What To Do After Your Child Quits Jiu-Jitsu

So, you went through all of the steps in my previous article (What To Do When Your Child Wants To Quit Jiu-Jitsu), but you were unable to stop your child from quitting jiu-jitsu. 

What do you do now?


Shake your fists at the heavens and scream “Why, God?!? Why?!?”

Choke him?

You can if you want, but these tips might be a little more helpful (and legal).   

Respect his decision

As counterintuitive as it sounds, the best thing you can do is respect your child’s decision.  Fighting with him will only strengthen his resolve to stay away from the art.    

You also need to remember that quitting will not necessarily serve as the death knell of his jiu-jitsu career.  Plenty of people start jiu-jitsu again after quitting. 

Case in point: Kron Gracie.  At twelve or thirteen years old, the son of the legendary Rickson Gracie quit jiu-jitsu to pursue skateboarding.  Today he is an ADCC gold medalist with black belts in judo and jiu-jitsu. 

Quitting may simply be a speed bump in your child’s jiu-jitsu career.  Do not fool yourself into thinking it is a wall.   

Remind her that she can always come back

You daughter needs to know jiu-jitsu’s doors are open to everyone, even those who quit.    

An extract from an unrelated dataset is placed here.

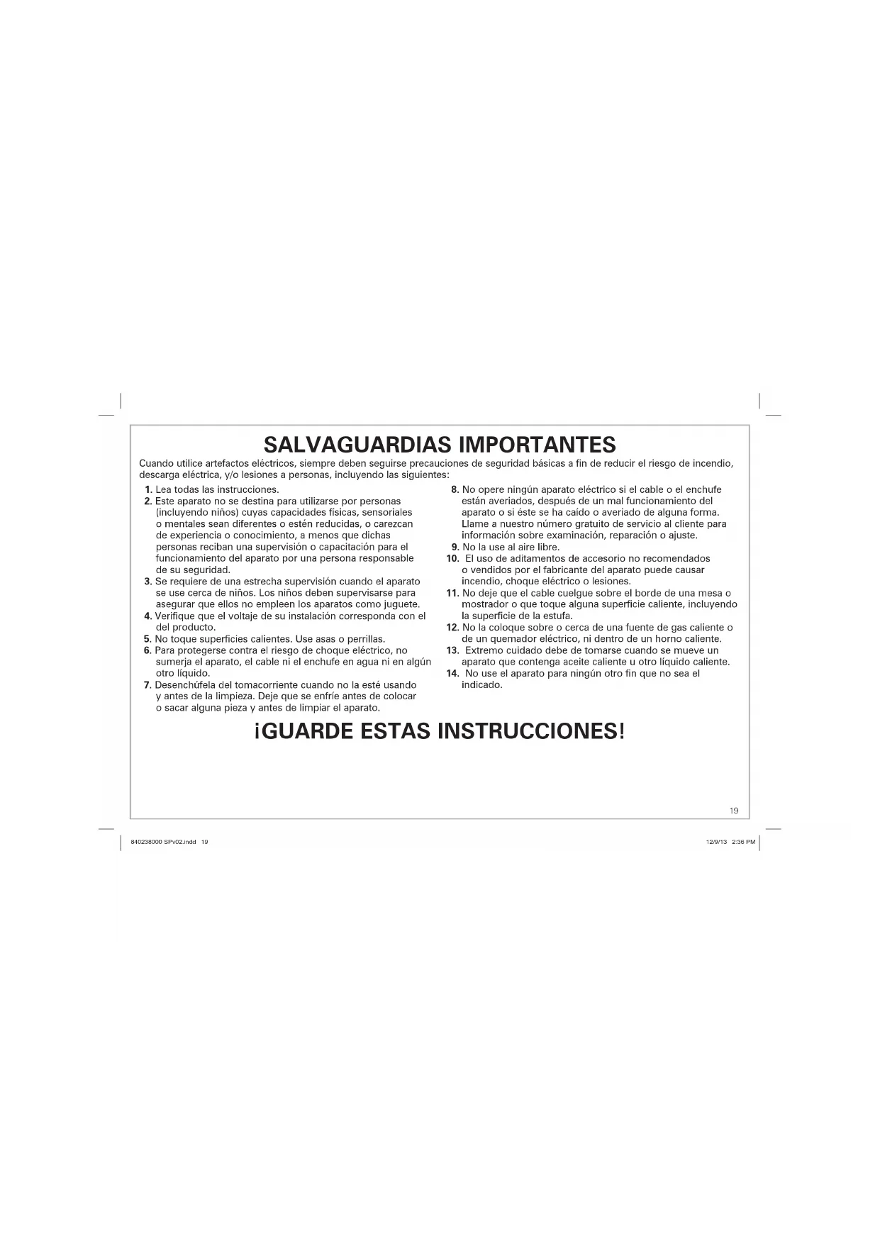 ¡GUARDE ESTAS INSTRUCCIONES!

Tell her that all of her friends in jiu-jitsu miss her and hope to see her again soon.  Let her know that her instructor says “hi.”  You may even want to suggest inviting her to a competition so that she can cheer her friends on.     

If he does go back, don’t be a sore winner

If your child does decide to go back to jiu-jitsu, do not make him feel like you were right and he was wrong for quitting. 

Statements like “I knew you’d come back” accomplish nothing besides making him feel like you beat him in some type of contest of the wills.  It could even rekindle his desire to quit. 

Also, do not overreact.  Screaming “I’m so happy you’re going back” at the top of your lungs and giving him a huge bear hug will just make him uncomfortable.    

Instead of responding with excitement or a humilating “Told you so,” act like he never quit in the first place. 

Simply ask him when he would like to go back and offer him a ride.